The Surveillance Portal is a special Partner Service Component that automatically subscribes to all events published to the Message Broker. It is responsible for persisting and maintaining a complete history of all events in the network, and it is responsible for monitoring and correlating events in near real-time to detect and raise alerts related to policy compliance. The Surveillance Portal maps each event type to a relational table. Each simple attribute defined for the event type maps to a column in its relational table. The event attributes that can be used to link events are, in effect, foreign keys in this relational view. The Surveillance Portal manages a relational data stream model that reflects the event history of the network. Depending on the volume of event data streaming through the network, it may not be practical to persist the entire event history, but a detailed enough snapshot must be persisted to support performance management reporting.

For example, the data stream of PainAlert events shown in Figure 2, and the related PainScore events from patients have the following event attribute definitions:

But the Surveillance Portal might choose to only persist the following PainAlertSummary table that combines the two by adding columns that summarize the sequence of pain scores leading up to the PainAlert.

4.4 Policy Engine

The Message Broker uses the policy engine to execute subscription policies on messages. As each message is processed by the Message Handler, the message and its context is passed to the Policy Engine where the applicable polices are processed. Each policy has a set of rules containing specific conditions which, if matched, can results in some actions being taken in response. The actions can dictate message transformations and service delivery. Our policy engine is based on the XACML which is an open, standardized and widely used policy language, but other mechanisms, including other rule-based engines could be used. The key point is that the Message Broker provides a convenient Policy Enforcement Point, and by using a Policy Engine and Policy Database, policies can be declaratively defined and configured in a manner that is open to all organizations in the network and dynamically responsive.

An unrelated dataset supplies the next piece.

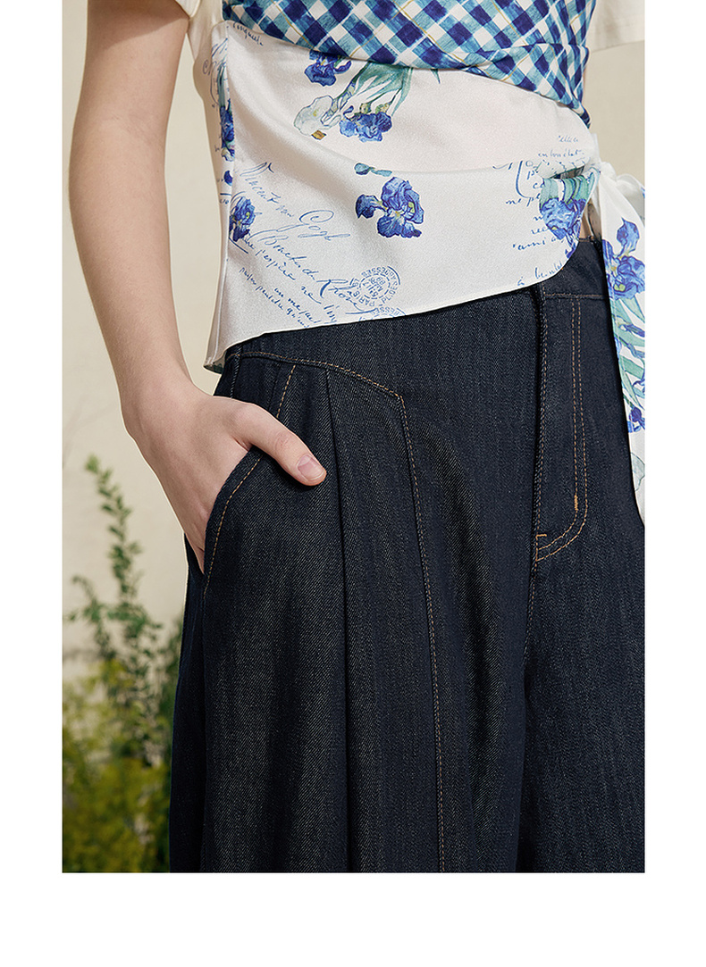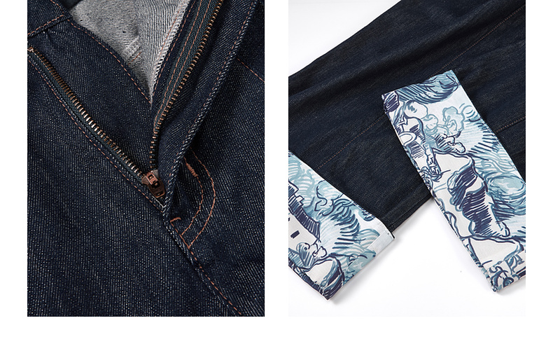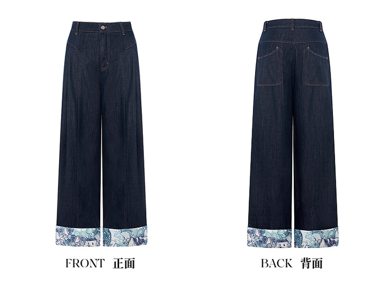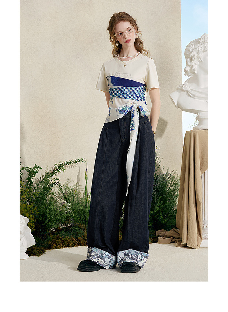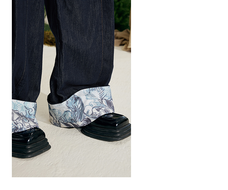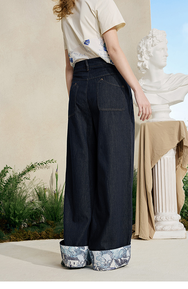 两三事梵高文艺星空夜宴2025夏新款休闲印花翻边裤脚直筒牛仔裤女

The structure of a policy is shown by the definition in figure 6. Each <Policy> element uses a type attribute to describe the policy type. In this model, a <Policy> defines a set of rules, described by the <Rule> element. Each rule uses an optional <Schedule> as well as <ExpirationTime> to define the rule application schedule and expiration period. A rule supports topic, content and publisher filters. The <TopicFilter> element contains one or more <Topic> elements that define the topics for messages that it applies to. <ContentFilter> element contains one or more XPath queries to test the content of messages defined in <Query> elements and can be combined on the basis of the filter combining algorithm. Each <Query> is an XPath expression that executes to a Boolean result. If multiple queries are defined, the results of individual <Query> execution results are combined on the basis of the filterCombiningAlg. The <Delivery> element defines message delivery service quality. The <SQ> element values can be set as "BestEfforts" (default delivery mode and requires no receipt acknowledgment), "Reliable" (a message is considered as delivered only when there is a positive acknowledgement) or "Pullpoint" (messages are automatically cached for delivery at a later time).

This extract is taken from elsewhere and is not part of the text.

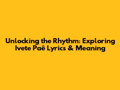 Unlocking The Rhythm: Exploring 'Ivete Paê' Lyrics & Meaning

Using the subscription policy for Dr. Fred in Figure 3, we can trace how the Message Broker would handle incoming PainAlert messages such as the first message from NurseA in the PainAlert data stream shown in Figure 2. When the Message Handler receives the message from the NurseA Partner Service Component, it is passed to the Policy Engine which looks for policies that match the message. Dr. Fred's policy is a candidate since it applies to PainAlert messages, and NurseA has sent a PainAlert message. According to the <Schedule> and <ExpirationTime>, Dr. Fred's subscription policy only applies Monday to Friday, 9-6pm up to December, 2008. NurseA's message was sent at 14:00 pm on Friday, October 10, 2008 which matches Dr. Fred's subscription. Finally, the <ContentFilter> for Dr. Fred's subscription, indicates that Dr. Fred should only receive messages for which PrimaryPhysician = "Dr. Fred". Again this is the case for the NurseA message, so all conditions of Dr. Fred's subscription policy have been met. There is only one action defined under Dr. Fred's subscription policy and that is to deliver the message immediately as is. Therefore the message handler is triggered to take a copy of the message and immediately send it to Dr. Fred's Partner Service Component using the Notify interface.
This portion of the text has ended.